Someday His light will reveal the person He created me to be.

Not the one so colored by my current trials, temperament and troubles.

Someday I will see who I was meant to be.

About fifteen years later, I sat on another campus, this time in a theology classroom, and listened as another teacher painted a picture of hope.

As he put it, when the new heaven and new earth are revealed, we will no longer need the blood, food, water, air and whatever else we depend on for earthly life. We will be completely sustained by the Spirit of God.

God will be not only the light that shines on us, but the food that nourishes us, the water that we drink, the very stuff of which we are made. Somehow, He will completely fill us and at the same time make us completely the individual people He created us to be.

Of course the truth is that He is already doing the work, just as the leaves grow and produce sugars and whatever else they do all summer long. We just can’t always see them, filled with “chlorophyll” as we are.

But someday we will see who we were meant to be.

A few weeks ago as my husband and I drove down country roads in the Ozark mountains, stunned by the dazzling glory of light and leaves, I wondered how anything could be more beautiful.

If God can turn an earthly forest into such a display of His glory, how glorious will it be when He fills our very selves with Himself? And lets us see our own and each others’ true colors?

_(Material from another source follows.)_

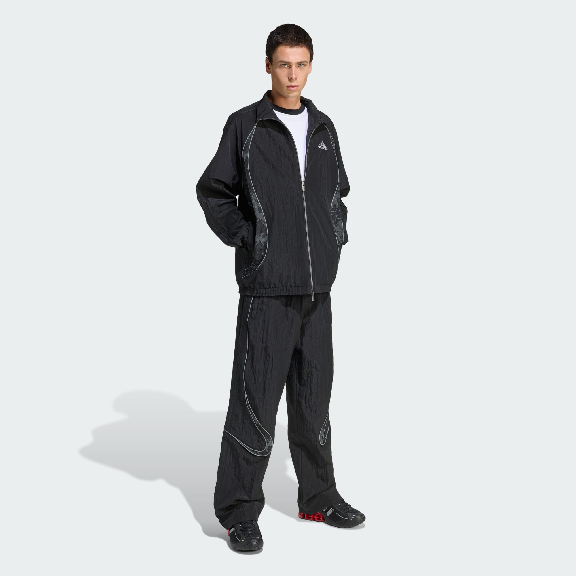 Top Adilenium Season 4 od adidas Originals čerpá z archivních modelů Teamgeist, kultovní fotbalové řady, která způsobila revoluci na hřišti. Má volný střih pro snadné vrstvení. Střihové linie Teamgeist vynikají díky reflexnímu lemování a vsazenými díly z kontrastních materiálů s reflexním, etnickým celoplošným potiskem.

Because then we will see Him as He is.

And because He Is Who He Is, we will--at last!--be who we are.

3 comments:

Lawrence Underwood said...

What a beautiful picture of our blessed hope! Thank you. And, yes, I've been reading :) I also need to spend some time in my 'green chair' - although it is camoflauged.

RPorche said...

Great thoughts, Sheila. Thank you for sharing.

Lisa said...

As a Narnia fan, your words reminded me of Aslan's cry "Further up and further in!" I loved Lewis' depiction in The Last Battle. The new earth was everything good and familiar about Narnia, but "more real and without any of the darkness."

Oh, Sister, thank you for sharing your thoughts with us!